◆ Stored data
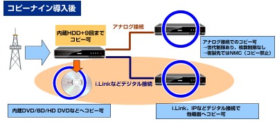 デジタル放送をHDDに録画してDVDや次世代ディスクに保存した場合には、9回という個数制限でコピー(1世代の世代制限はアリ)を行える。ちなみに10回目は従来と同じムーブとなる。アナログ出力については、世代制限アリの状態で何回でもコピーできる。
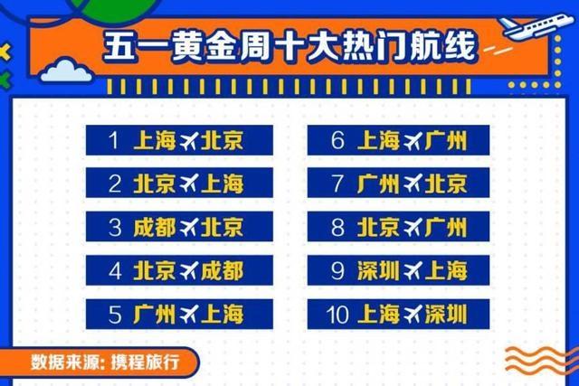 《報告》稱,今年五一期間,消費者跨省出游意愿強烈,攜程機票單日訂單量對比2019年同期最高增幅約28%。上海-北京、北京-上海、成都-北京、北京-成都、廣州-上海、上海-廣州、廣州-北京、北京-廣州、深圳-上海、上海-深圳為“五一”黃金周十大熱門航線。
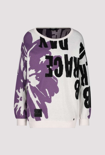 На сайте указаны российские размеры. Хлопковый вязаный свитер с круглым вырезом и стразами. Большой жаккард с цветочным узором и надписью прекрасно сочетается со сверкающими деталями из страз в буквах. Широкие манжеты на рукавах и по низу завершают дизайн. Прямой фасон отличается круглым вырезом горловины, слегка приспущенной линией плеч и боковым швом спереди. Спереди нашивка с вышивкой и сверкающими стразами. Абсолютное зрелище. Идеально сочетается с кожаными брюками и высокими ботильонами. Рост модели 176 см. Длина по спинке 44 размера составляет 73 см, а по переду – 70 см.

◆ Exercise directions
Return the material verbatim; the images are not to appear in the copy.

◆ Answer section
 デジタル放送をHDDに録画してDVDや次世代ディスクに保存した場合には、9回という個数制限でコピー(1世代の世代制限はアリ)を行える。ちなみに10回目は従来と同じムーブとなる。アナログ出力については、世代制限アリの状態で何回でもコピーできる。
 《報告》稱,今年五一期間,消費者跨省出游意愿強烈,攜程機票單日訂單量對比2019年同期最高增幅約28%。上海-北京、北京-上海、成都-北京、北京-成都、廣州-上海、上海-廣州、廣州-北京、北京-廣州、深圳-上海、上海-深圳為“五一”黃金周十大熱門航線。
 На сайте указаны российские размеры. Хлопковый вязаный свитер с круглым вырезом и стразами. Большой жаккард с цветочным узором и надписью прекрасно сочетается со сверкающими деталями из страз в буквах. Широкие манжеты на рукавах и по низу завершают дизайн. Прямой фасон отличается круглым вырезом горловины, слегка приспущенной линией плеч и боковым швом спереди. Спереди нашивка с вышивкой и сверкающими стразами. Абсолютное зрелище. Идеально сочетается с кожаными брюками и высокими ботильонами. Рост модели 176 см. Длина по спинке 44 размера составляет 73 см, а по переду – 70 см.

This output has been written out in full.